= Jesuit Historical Institute =

Research institute in Italy

The Jesuit Historical Institute, also known as IHSI (Institutum historicum Societatis Iesu), is an international group of Jesuit historians committed since the end of the 19th century to bring out scientifically critical editions of the foundational texts of the Society of Jesus (the MHSI), and to promote research on the history of the Jesuits. Originally based in Madrid, the institute is now quartered in Rome.

== History ==
In the 19th century, a group of Spanish Jesuits began the publication of letters of Saint Ignatius of Loyola. The century's atmosphere of religious controversies and polemical anti-clerical and anti-Jesuit pamphlets and diatribes required, for appropriate rejoinders, that access be given to the foundational documents of Jesuit life and history. Historical science had also made great progress. New methods had been developed.

Encouraged by General Congregation XXIV (of 1892) the Superior General of the Jesuits Luis Martin established in 1893 a 'College of writers' in Madrid, with mission to establish critical editions of the foundational documents of the Society of Jesus, particularly those regarding the life and times of the founders, Saint Ignatius of Loyola and his first companions. The purpose was also to provide material for accurate regional and national histories of the Society to be prepared in various European countries. The historians entrusted with the task adopted the critical methods of contemporary historical research. In January 1894 the first volume of the Monumenta Historica Societatis Iesu came out of the press.

In 1911 the institute extended its field of work and research and began to publish historical monographs on particular aspects of Jesuit life, spirituality and apostolic works. In 1930 the superior general Wlodimir Ledóchowski gave the official name to the institute and decided to transfer it to Rome, where it settled in the ‘Curia Generalizia’, headquarter of the Jesuit Order.

==21st century==
===Change in name===
In 2010, the apostolate of Jesuit history at the Curia in Rome was reconstituted within the context of the Archives (Archivum Romanum Societatis Iesu - ARSI).

===Work in Africa===
In 2010, the Jesuit Historical Institute in Africa (JHIA) was created to encourage the study of the Jesuit's evangelization work in Africa. This work is based in Kenya.
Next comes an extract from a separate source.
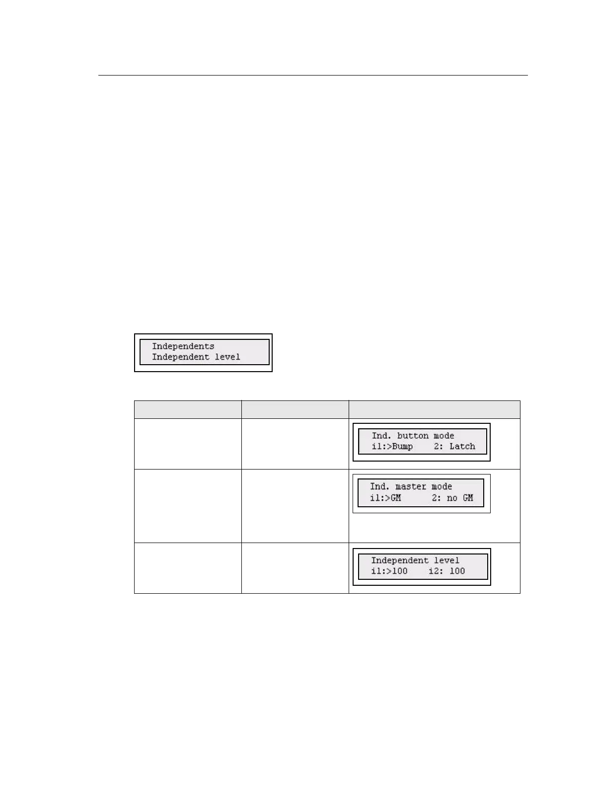 The basic behavior of the buttons and faders are set up in the Independents menu.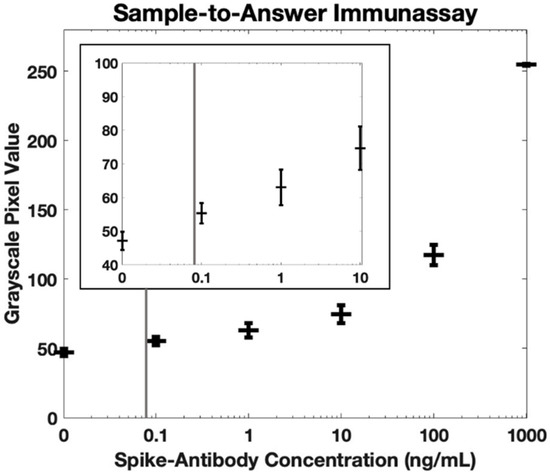 Figure 5 shows the measured fluorescence intensity for antibody concentrations in whole blood between 0 ng/mL and 1000 ng/mL. Using the International Union for Pure and Applied Chemistry (IUPAC) definition of the limit of detection (the concentration that generates a signal with a mean that is separated from the mean of the blank by three standard deviations of the blank), the calculated limit of detection for our sample-to-answer assay is 84 pg/mL. Similarly, using the International Organization for Standardization (ISO) definition for the limit of detection (5% error on the blank and 5% error on a positive sample with the lowest concentration that is identifiable as positive [30]), the calculated limit of detection is 102 pg/mL. All values for detection limit are significantly lower than the reported range of anti-spike antibodies in whole blood [26,27,28,29], demonstrating that this system is clinically relevant.

== Collections and publications ==
- The Monumenta Historica Societatis Iesu (MHSI) are critical editions of primary sources from the first centuries of the Society of Jesus’ history. Over 156 volumes have been published.
- Monumenta Historica Societatis Iesu (Nova series) A change of criteria and procedures introduced in 2005 opened a new series of ‘Monumenta’. Translations are added to the critical editions of primary sources. Moreover, volumes are no longer arranged chronologically but thematically.
- The Bibliotheca Institutum Historici Societatis Iesu (BIHSI) are historical monographs on the culture, spirituality and apostolic works of the Society of Jesus. The series, opened in 1941, counts 64 publications in Spanish, French, English, German or Italian (in 2009). The authors are not of necessity Jesuits or members of the Historical Institute.
- Subsidia ad Historiam Societatis Iesu is a series of published research tools in the same domain of Jesuit history: catalogues of persons, specialized bibliographies and index of archival documents. Open in 1957 the series has 15 volumes.
- The Archivum Historicum Societatis Iesu (AHSI) is the bi-annual journal published since 1932 by the institute. It receives articles focussing on aspects of Jesuit history and culture. Critical editions of primary sources are often included. Being a highly specialized journal it accepts articles in all major modern languages: they are accompanied by a brief résumé in English.